* Task: Only the pictures should be left out; write out all other data exactly.

* Data block:
%%

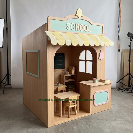 Wooden School Playhouse + Furnitures for Kids | Personalized 25+ Themes | All-Inclusive Turnkey Project
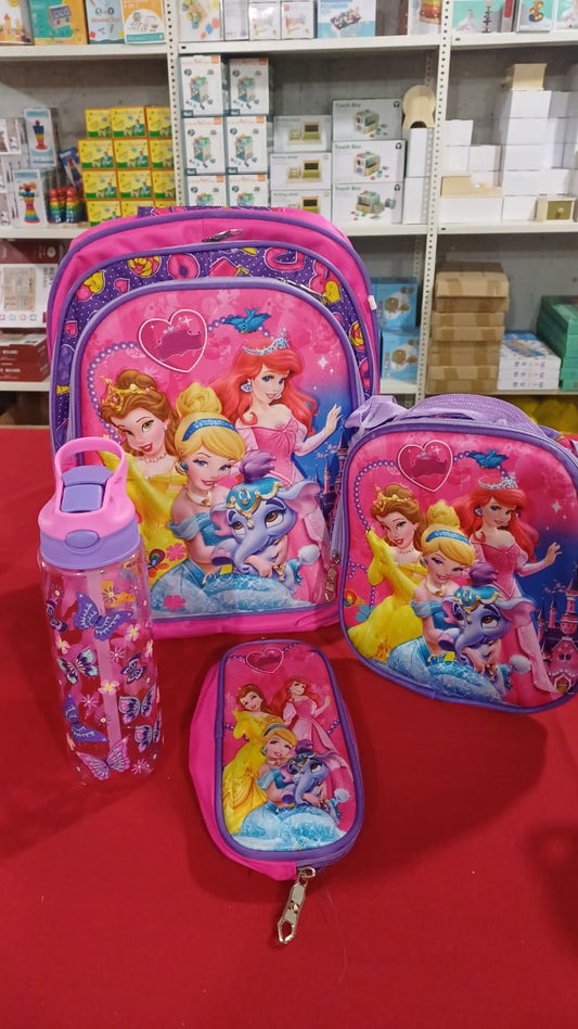 SB004 - 3 pcs 3D set princesses design: 42 cm school bag with or without wheels + lunch bag + pencil case
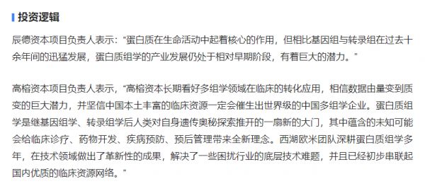 36氪获悉,生物科技公司「西湖欧米」今日宣布完成数千万元种子轮融资,该公司从事将蛋白质组学研究应用于临床辅助诊断。本轮融资由辰德资本、高榕资本联合领投,高瓴创投跟投。融资将用于人才招聘、原创技术突破、临床检验所落地、研发合作拓展等。

%%

* Worked solution:
 Wooden School Playhouse + Furnitures for Kids | Personalized 25+ Themes | All-Inclusive Turnkey Project
 SB004 - 3 pcs 3D set princesses design: 42 cm school bag with or without wheels + lunch bag + pencil case
 36氪获悉,生物科技公司「西湖欧米」今日宣布完成数千万元种子轮融资,该公司从事将蛋白质组学研究应用于临床辅助诊断。本轮融资由辰德资本、高榕资本联合领投,高瓴创投跟投。融资将用于人才招聘、原创技术突破、临床检验所落地、研发合作拓展等。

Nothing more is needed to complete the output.